Keep asking questions, these people here are great!:drinks:

Yodogsandman
08-06-2014, 11:35 AM
I also use my crosshairs to bracket my aim point similar to country gent. I shoot at 9" paper plates with a 1" black dot in the middle. I can see the bullet holes good on the white background. I bracket the left side of the vertical crosshair and the top of my horizontal crosshair to just touch the edge of the spot. It gives me two specific points of reference. I don't care all that much where on the plate the boolits hit, I'm shooting for the group. I can always adjust the scope when I get where I want to be. This gives you a very defined spot for a point of aim.

To make my targets, I buy a big stack of the cheapest paper plates I can find.

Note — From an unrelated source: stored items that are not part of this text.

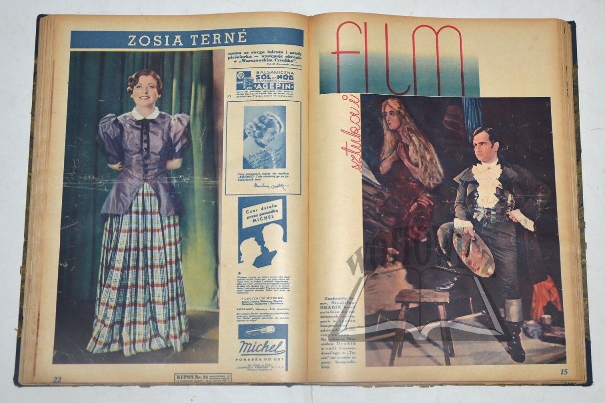 Dodatki nie posiadają daty ani numeracji. Każdy dodatek od 15 str. do 22 str. (lub więcej). Folio, liczne ilustr., opr. ppł. z epoki. Stan dobry. Otarcia i niew. naddarcia opr. Zażółcenia, miejscami naddarcia i zaplam., podklejenia kart. Na kilku kartach brązowe plamki. Zawiera: sceny z filmu, recenzje, sylwetki, teatr, moda, muzyka, sztuka, wywiady, wypowiedzi i inne. 9719/130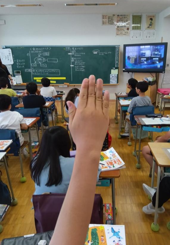 さて、4年生の理科「電流のはたらき」の学習で激論が交わされていました。電池の向きを変えると電気の流れはどうなるか、意見を出し合っています。乾電池にはプラス極とマイナス極がありますが、乾電池のプラス極からだけ電流が流れているという考え方と、両方の極から電流が流れているという考え方が出て、それぞれ例を出しながら説明していました。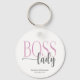 Este llavero rosado y gris de la "Dama de Jefe" es un regalo excelente para una jefa. Tienes la opción de personalizarla con su nombre y número de teléfono, o puedes elegir dejarla sin personalización. Para el personalizar, simplemente haga clic en "Personalizar este diseño", y Zazzle se encargará del resto.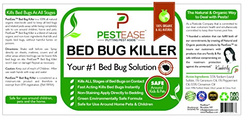- ERADICATE BED BUGS IN YOUR HOME - PestEase® uses a proprietary blend of All Natural & Organic ingredients to Kill Bed Bugs on Contact. Don't let Bed Bugs infest your home and put you and your family at risk. PestEase® Kills adults, eggs, and nymphs FAST and prevent them before they have a chance to invade your home or property.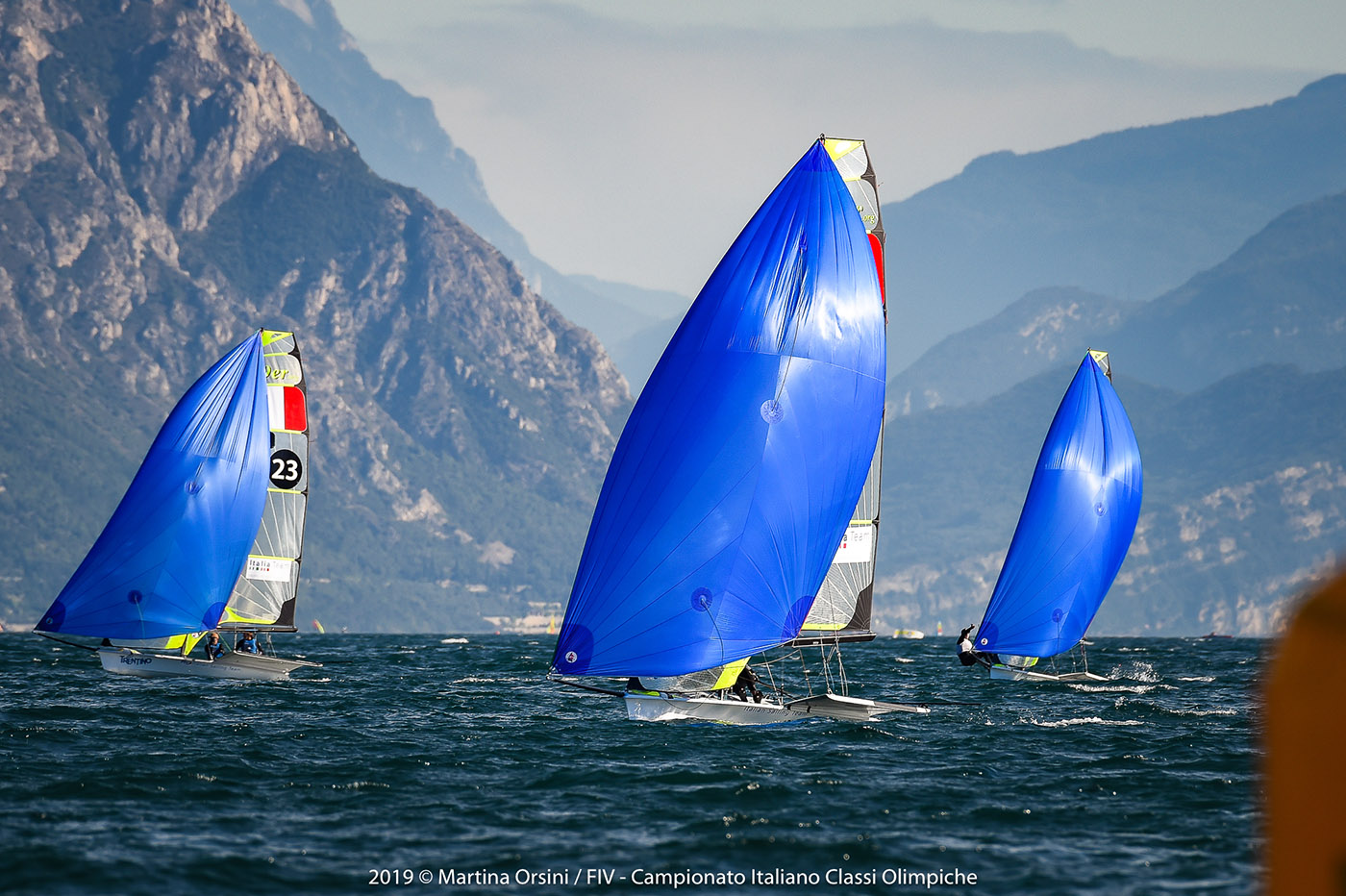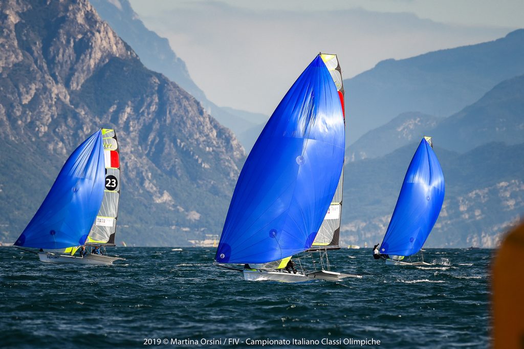 Giorno due del CICO 2019 che torna sul lago di Garda dopo la prima edizione dei Campionati Italiani a Classi unificate del 1994, ma il Benaco non regala le condizioni meteo che lo hanno reso famoso in tutto il mondo. Le dieci classi olimpiche più i 2.4 ed i Kitefoil sono usciti presto questa mattina per regatare con il Peler, il vento da nord, ma verso le 9 era già in calo e le flotte hanno atteso in acqua l’Ora, la brezza da sud, che, come ieri, non è mai entrata prepotente e si è fermata sui 5/6 nodi. Nonostante ciò ogni classe oggi ha una classifica, e i paralimpici 2.4, con il ‘microclima’ del golfo di Salò, hanno addirittura concluso altre tre prove e sono in linea con il programma.

I use a template plate with the 1" center cut out. Then I'll lay the template on each plate and either spray paint the dot with cheapo flat black or use a thick magic marker. A foot thick stack of plates lasts for quite a while for next to nothing per target.

I hold the targets up using a nail, too. While thumbtacks, push pins and staples do OK, I hate to have to walk back and forth 100 yards again because the target fell down.

country gent
08-06-2014, 12:01 PM
The reason for the square aiming point is it also helps keep the rifle positioned the same radially on the bags. It helps maintain consistency. With a scope mounted in tall rings a diffrence radially can show up as slight changes in windage. I simple cut them from 2x4 index cards and glue them in place with a glue stick. Your template could be made with a little layout and a xacto knife easy enough also. I have a template made up for BPCR Chickens targets I use to paint on poster board or bytcher paper also.

tmc-okc
08-08-2014, 07:14 PM
For my front rest I bolted a scissor jack from a 73 CJ5 Jeep to a 12 inch square piece of plywood on the bottom ( sold the Jeep and the jack stayed home). On the top I mounted a 6 inch square piece of pine then made a sandbag to fit. Made several sand bags from old Levis. Attached a 2 in square block to the height adjustment so I could easily adjust it up & down. It works well when sandbags are used to hold the bottom steady. I do use a set of leather rabbit ear sandbags on the rear. I like to use a white 1 3/4 inch diamond aim point. It helps to keep the scope crosshairs vertical & horizontal - IF - the target is hung vertical. I know it is all kinda "Micky Mouse" but it has served me pretty good for over 20 years.